Start of DATASET CONTENT

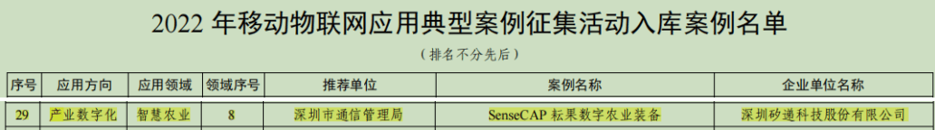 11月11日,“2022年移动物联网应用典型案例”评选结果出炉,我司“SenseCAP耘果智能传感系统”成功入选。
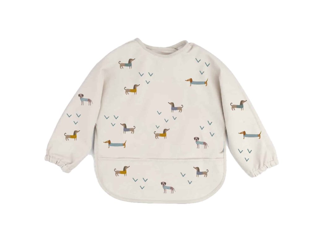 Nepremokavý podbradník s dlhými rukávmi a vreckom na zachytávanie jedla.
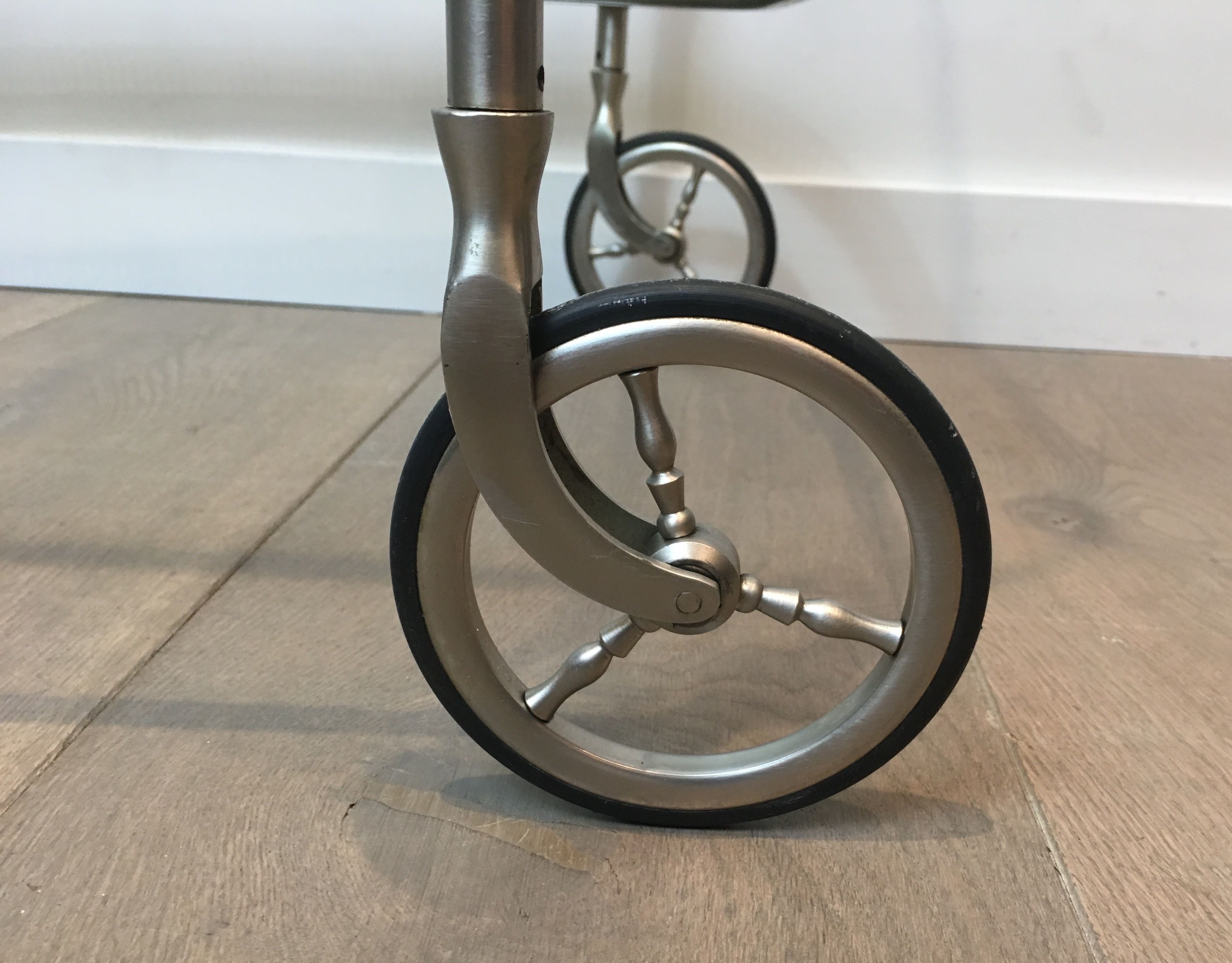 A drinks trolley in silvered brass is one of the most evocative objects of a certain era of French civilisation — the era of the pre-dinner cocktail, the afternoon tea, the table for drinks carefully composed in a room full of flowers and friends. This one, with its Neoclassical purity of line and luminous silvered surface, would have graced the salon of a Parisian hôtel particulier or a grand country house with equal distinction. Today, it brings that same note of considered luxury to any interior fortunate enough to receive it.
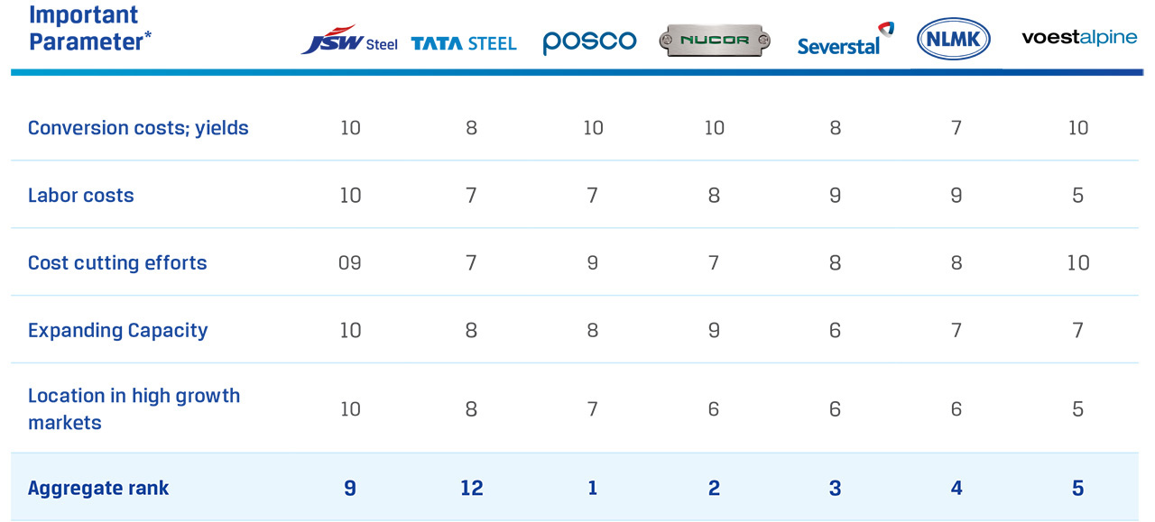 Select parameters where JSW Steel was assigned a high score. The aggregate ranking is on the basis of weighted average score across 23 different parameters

End of DATASET CONTENT

§ **TASK DETAILS**: Here the job is to output the lines from the top of the listing through the line holding "Nepremokavý podbradník s", word for word and without pictures.

§ **TASK OUTPUT**:
 11月11日,“2022年移动物联网应用典型案例”评选结果出炉,我司“SenseCAP耘果智能传感系统”成功入选。
 Nepremokavý podbradník s dlhými rukávmi a vreckom na zachytávanie jedla.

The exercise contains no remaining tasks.